A comparative study of cost and quality of life among Skeletal Related Events (SRE) and non-SRE among breast and prostate cancer patients in Malaysia
© Khamis et al; licensee BioMed Central Ltd. 2012
Published: 21 November 2012
The human skeleton is the most common organ to be affected by metastatic cancer (skeletal or bone metastases). The prevalence of skeletal disease is greatest in breast and prostate carcinoma. Bone metastases lesions weaken bone structure, causing a range of symptoms and complications. Sufferers of breast and prostate cancers may develop Skeletal related events (SRE). These SRE are defined as pain that require palliative radiotherapy or surgery to bone, hypercalcaemia, pathologic fractures, spinal cord compression and bone marrow failure. These complications contribute to a decline in patients' HRQOL (health related quality of life). However, information on treatment costs of breast and prostate cancers and multidimensional assessments of QOL are limited. Thus this study aim to obtain both cost and QOL of breast and prostate cancers patients and to determine their relationship with the patients sociodemograhic profiles (age, ethnicity, income) and disease profile (tumour types, cancer stages and SRE status).
To determine the health care cost and QOL of breast and prostate cancer patients in Malaysia. The association of risk factors (sociodemographic and diseases profiles including SRE status) and cost and QOL will later be determined through statistical analysis.

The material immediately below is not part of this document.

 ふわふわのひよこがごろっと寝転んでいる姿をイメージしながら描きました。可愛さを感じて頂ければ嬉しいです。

This will be a societal approach, cost evaluation technique through a cross sectional study for a projected period of 9 months. Both qualitative and quantitative approach to estimate the health care cost of provider and patient’s cost through microcosting questionnaire method. Patient’s QOL will be using the locally validated EORTC-QLC-C30 questionnaire. Selected patients from oncologic and surgical wards, outpatients specialists clinics will be taken as respondents. Outcomes of study will include cost to treat a case of SRE and projected country's burden of SRE from both cancer. Other outcomes will be compared between SRE and non-SRE through measurements of cost per QALYs; cost per life years saved (LYS) and cost per deaths averted. Associated risk factors will be measured by bivariate and multivariate analyses with power of study of 80% and p value of 0.05.

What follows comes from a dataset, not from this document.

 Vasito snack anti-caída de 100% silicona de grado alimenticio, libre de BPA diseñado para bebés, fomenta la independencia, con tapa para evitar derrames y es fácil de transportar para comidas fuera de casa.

The cost of treatment among prostate and breast cancer patient of lower disease compared to those of higher stages, positive bone metastasis and SRE positive. The QOL will also be expected to be higher among these groups. By similar disease stages for each cancer types, the QOL and costs are expected to be similar.
This information will provide the cost burden of breast and prostate cancers for the country and will be used for strategic planning for the country. Patients with risk of lower QOL will also be identified for better risk assessment during cancer managements.